Les prix de l’immobilier nantais ont encore reculé l’an dernier. Mais le centre reste inabordable pour les primo-accédants. Mais où donc prospecter alors ? Voici quelques idées.

A l’instar d’autres grandes agglomérations, Nantes accuse une nouvelle fois le coup cette année. La baisse des prix avoisine 6 % selon Loïc Cantin, président de la Fnaim Loire-Atlantique. Mais tout n’est pas noir pour autant Gérant de l’agence Guy Hocquet, Christian Martinez évoque « un début d’année prometteur en comparaison à celui de 2014 marqué par la morosité. Le volume des transactions a augmenté ».

L’hyper centre, surtout composé d’immeubles anciens, reste le pré carré des investisseurs. Les prix y sont toujours élevés, flirtant avec les 4 000 euros le mètre carré. Les familles à la recherche d’une grande surface n’auront d’autre choix que de s’éloigner un peu.

En bordure du centre-ville, le quartier Saint-Félix attire les acquéreurs. On peut y trouver des maisons typiques à la nantaise, avec chambres en bas et pièce à vivre à l’étage. Séduit par ce type d’habitat, un couple de quinquagénaire a acheté une maison de 140 mètres carrés datant de 1950 au prix de 325 000 euros.

Le centre inabordable pour les primo-accédants

Au sud du centre, règne l’île de Nantes, dont le nom fait débat, certains revendiquant le nom historique d’île Beaulieu.
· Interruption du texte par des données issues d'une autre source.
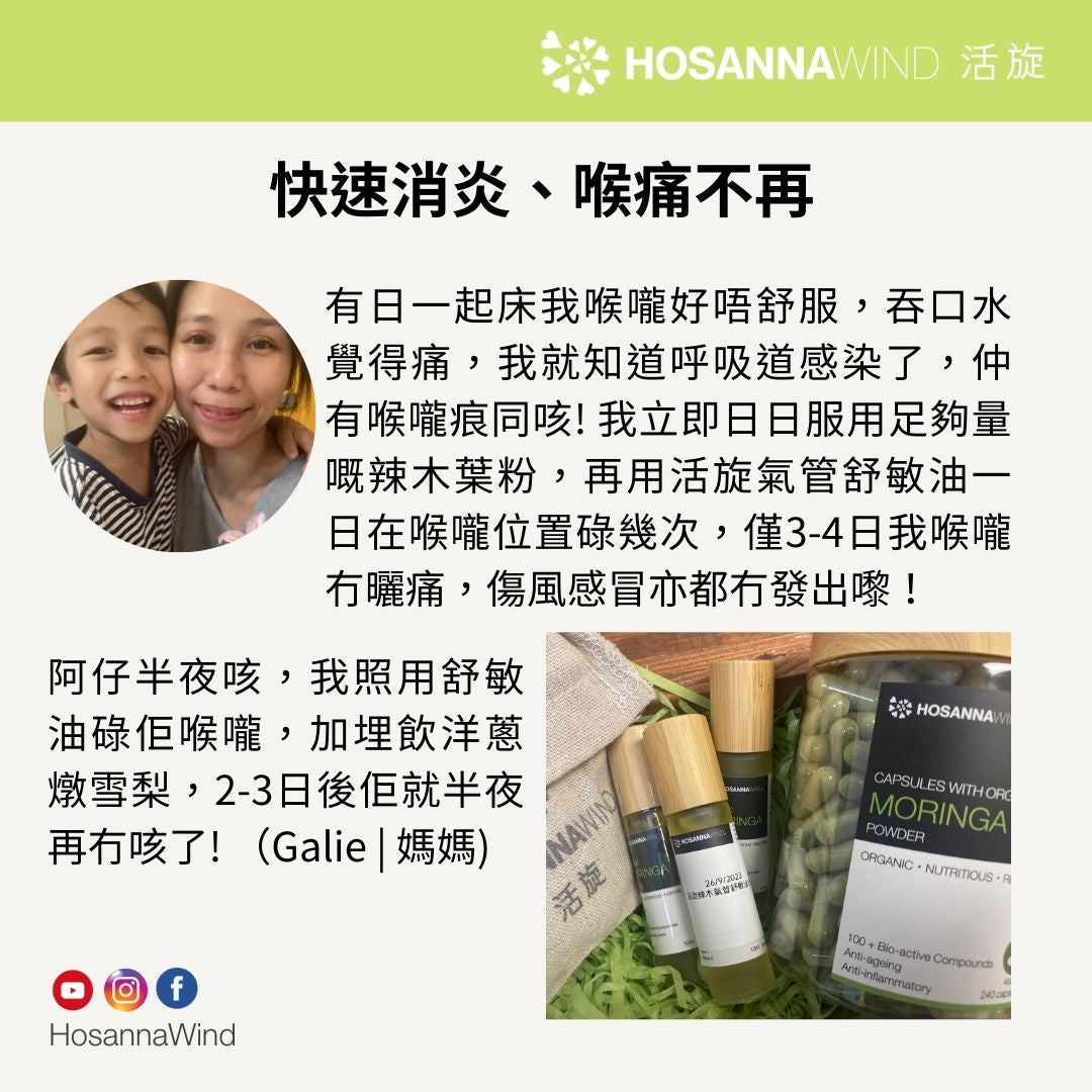 辣木葉粉含有兩種極高抗氧化營養成分:兒茶素和洋蔥素(又名槲皮素),可以抵禦有害物質入侵身體,有效阻止病毒在體內自行複製,及減低病毒在空氣中傳播的機會。兒茶素和洋蔥素能促進肺部健康,增強肺部防禦力,有助修復肺部細胞,紓緩氣管不適及提升肺部免疫力。
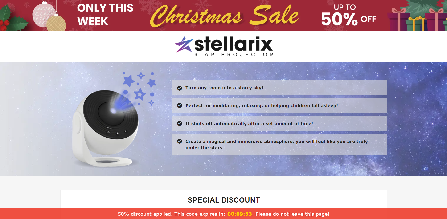 | Offer Name: | [WEB+MOB] Qinux Stellarix – Star Projector /International (112 GEOs) CPS *FB/TT/Google/Taboola Pixel* |
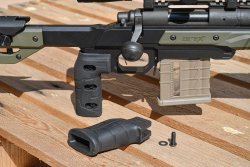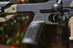 Per un puro caso non ho dovuto modificare in alcun modo ne poggia guancia né lunghezza del calcio, mentre per una presa ottimale ho preferito montare l’impugnatura verticale dritta regolabile di MDT che indubbiamente offre un miglior “feeling” con lo scatto.
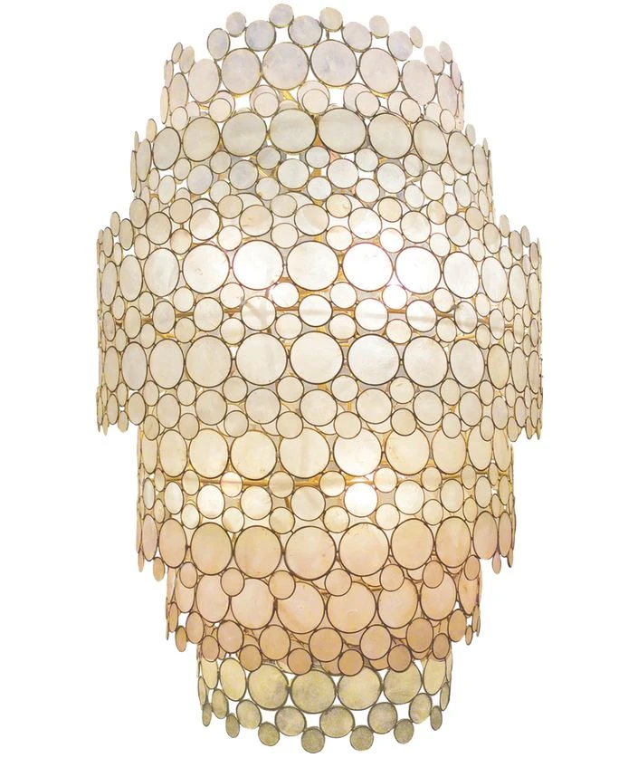 A delicate masterpiece, the Serena Waterfall Chandelier from Oly Studio delivers a stunning hanging light for your home. Hundreds of capiz shell discs are crafted together on a brass frame to form this elegant six-tier waterfall chandelier. Place this striking chandelier in entryways, master suites, and dining rooms for elegant coastal style.
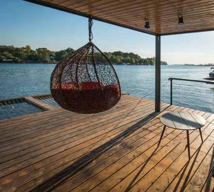 Decks built around homes, especially at lake houses and vacation properties, bring the indoors outside and can provide practical storage ideas that make kayaks, paddle boards, oars, and other equipment a part of the décor. It’s a form of efficient hardscaping that goes handin-hand with landscaping and turns a house into a showpiece.
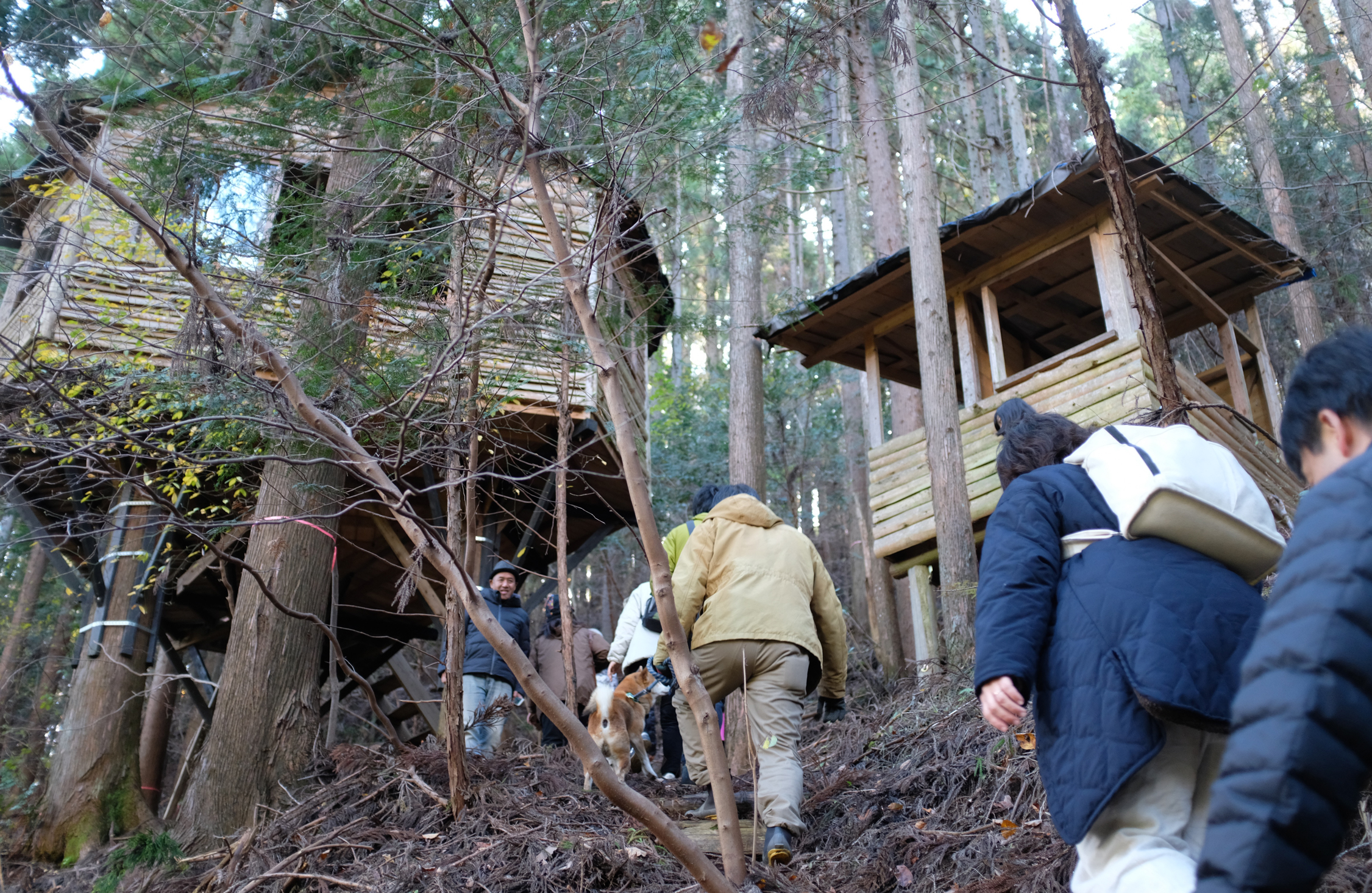 お話をうかがった後には、みんなで裏山へ行き、石毛さんが建てたツリーハウス見学も。木の上から見下ろすのって気持ちがいい。ツアーに参加していた子どもたちも、山を駆け巡って楽しそうだった。
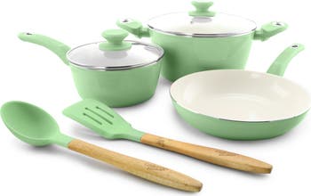 The Gibson Home Plaza Cafe 7 Piece Essential Core Aluminum Cookware Set in Mint offers you the most important and essential pieces to have in any kitchen. Whether you are renewing your cookware or starting a brand-new home, this cookware will give you all the most important items you need for every day cooking. Crafted from aluminum and decorated in a beautiful mint hue, this set is built for both durability and style. This collection is also stovetop friendly and versatile as it is compatible with Gas, Halogen, Electric, and Induction cook tops. Start your kitchen collection off right with this mint cookware collection!
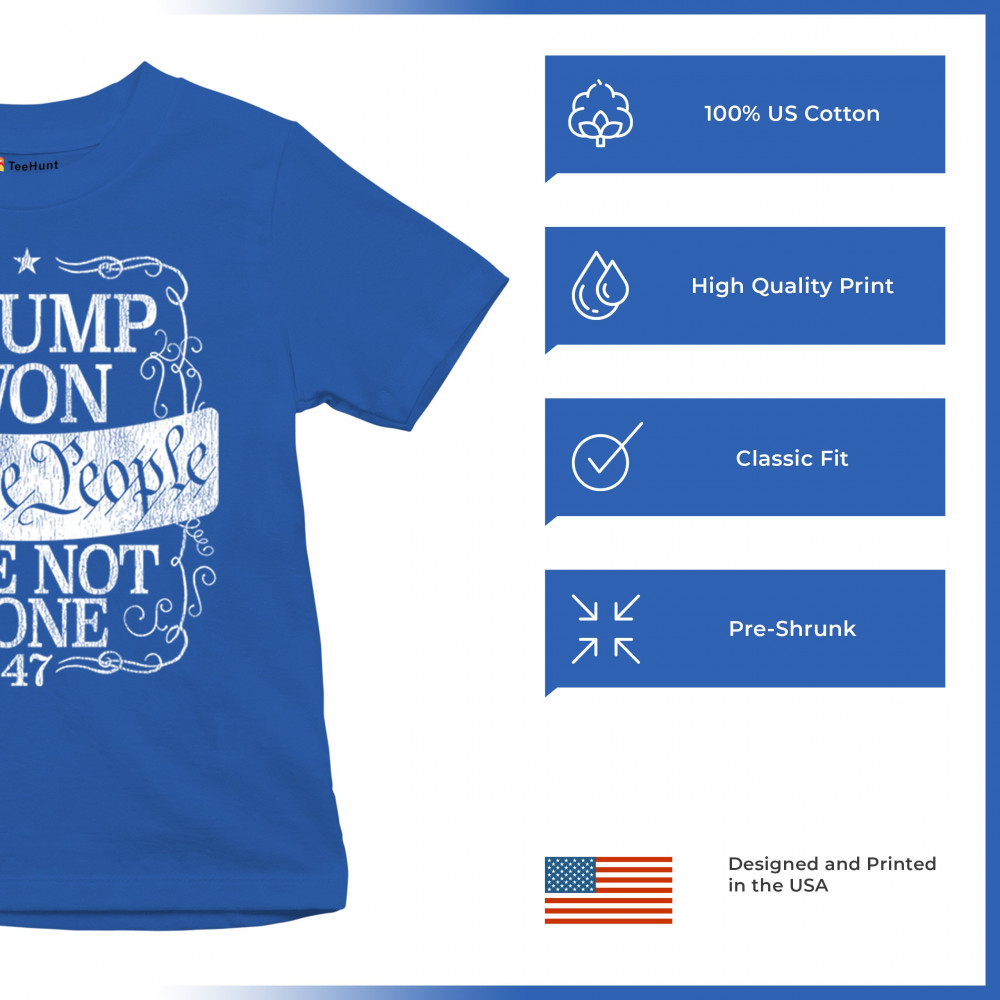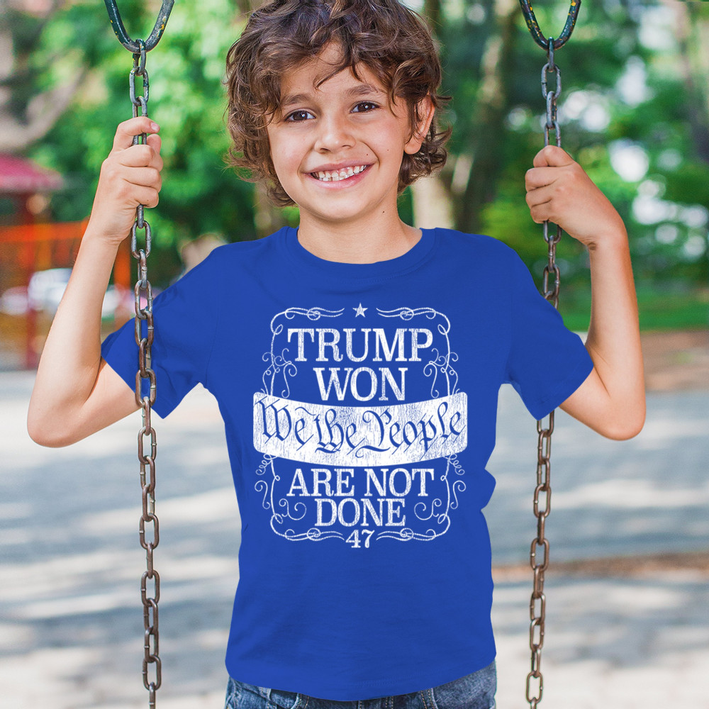 Celebrate the power of "We the People" with this "Trump Won" design, a rallying cry for those who support Donald J. Trump and the Republican movement. Featuring bold typography and a message of resilience, it embodies the conservative fight for victory and unity. Perfect for events, gifts, or everyday wear, it’s a powerful statement of faith in the party of common sense and the people's mandate.
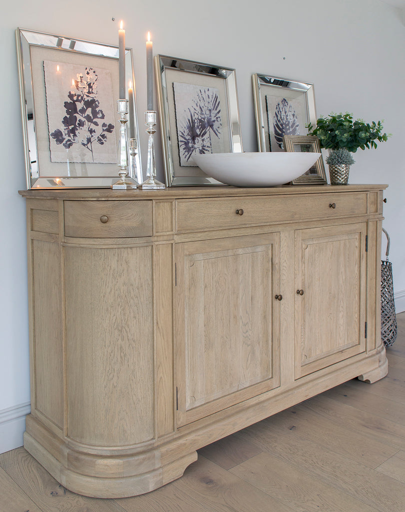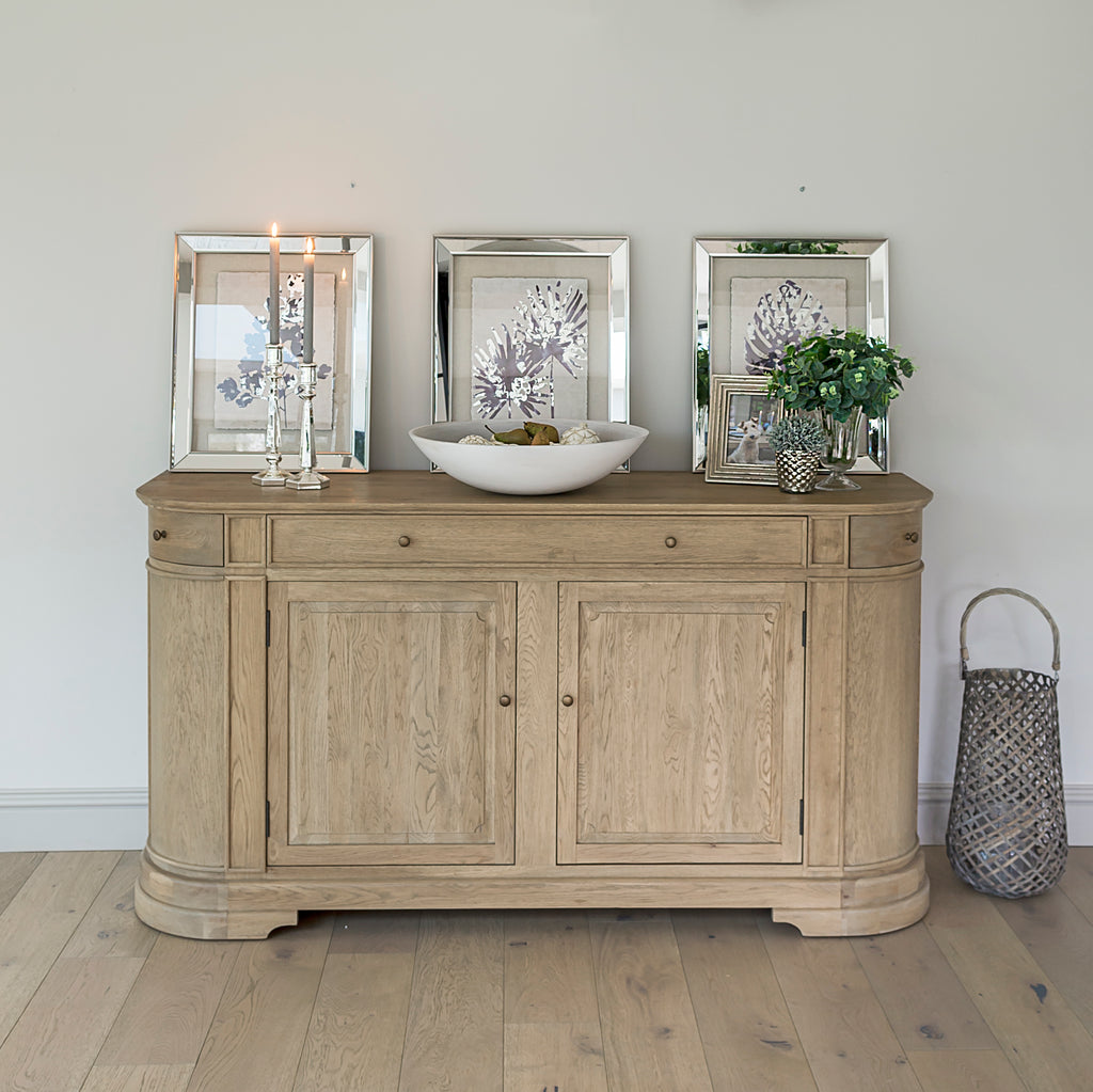 The Belmont Weathered Oak Sideboard offers generous storage with three drawers, with the central drawer featuring elegant dovetail joints. It provides plenty of space for your favourite dinner service, perfect for special occasions. This piece has been lightly wire-brushed to enhance the grain of the wood to give it a more pronounced appearance and to highlight the unique texture of the oak. Hand crafted from solid oak and finished with our signature multi-staged weathered oak finish to enhance the wood’s natural warmth and character. Designed to complement our Belmont dining table, this sideboard complements all our other exclusive furniture collections, combining practical storage with timeless style.

Elle est divisée en plusieurs secteurs, dont le dénominateur commun est le calme qui en fait l’attrait. Une famille a investi un appartement de 95 mètres carrés, boulevard Benoni-Goullin, pour près de 400 000 euros. Reste qu’habiter aux alentours du centre-ville est un luxe que tout le monde ne peut s’offrir. En particulier les primo-accédants au porte-monnaie plus modeste et confrontés à la frilosité des banques pour obtenir un prêt. Conséquence : nombre d’entre eux s’installent dans des quartiers excentrés. Tel que Boissières, au nord de la ville, souvent présenté comme un quartier sensible, où une famille a acquis une maison de 160 mètres carrés avec un jardin pour 304 000 euros.

Saint-Herblain, en banlieue ouest, un refuge idéal

D’autres primo-accédants sortent en première couronne, à Saint-Herblain, par exemple. Cette ville verdoyante, à vingt minutes du centre de Nantes en transports, fait figure de refuge idéal pour établir un cocon familial en toute quiétude. « Les prix sont de 20 à 30 % inférieurs à ceux de Nantes », soutient Chantal Troestler, gérante de Grand Ouest Immobilier. Un couple de trentenaire a récemment mis la main sur une maison en bon état, flanquée d’une parcelle de terrain de 500 mètres carrés pour le prix de 250 000 euros.

Pour les investisseurs, cap sur le centre

L’indéboulonnable centre-ville de Nantes est, bien sûr, à privilégier pour les investisseurs. Certes, il faut mettre la main à la poche, mais un placement dans ce quartier ne présente, en principe, aucun risque financier: « D’autant qu’avec la baisse des taux, les investisseurs parviennent à rembourser leurs crédits avec les loyers perçus », rassure Christian Martinez, gérant de l’agence Guy Hoquet. Le centre-ville concentre 90 % de la demande locative émanant des étudiants. Raison pour laquelle les studios ou les appartements de deux pièces sont les cibles favorites des investisseurs dans un secteur proche de toutes les commodités. Le prix du mètre carré s’élève en moyenne à 3 500 euros. Comptez 70 000 euros environ pour un studio de 20 mètres carrés. Et si vous voulez une place de parking, les prix s’envolent : 110 000 euros pour ce 25 mètres carrés équipé du précieux sésame.

Au nord, certains quartiers valent aussi le détour. C’est le cas de Saint-Pasquier ou de Perverie, en vogue notamment pour leur proximité avec les établissements scolaires La Perverie-Sacré-Coeur ou Saint-Joseph du Loquidy, très réputés à l’échelle régionale. Une maison de 93 mètres carrés à l’architecture ancienne, avec garage et jardin, a été achetée 395 000 euros. Loyer estimé : entre 900 et 1 000 euros hors charges.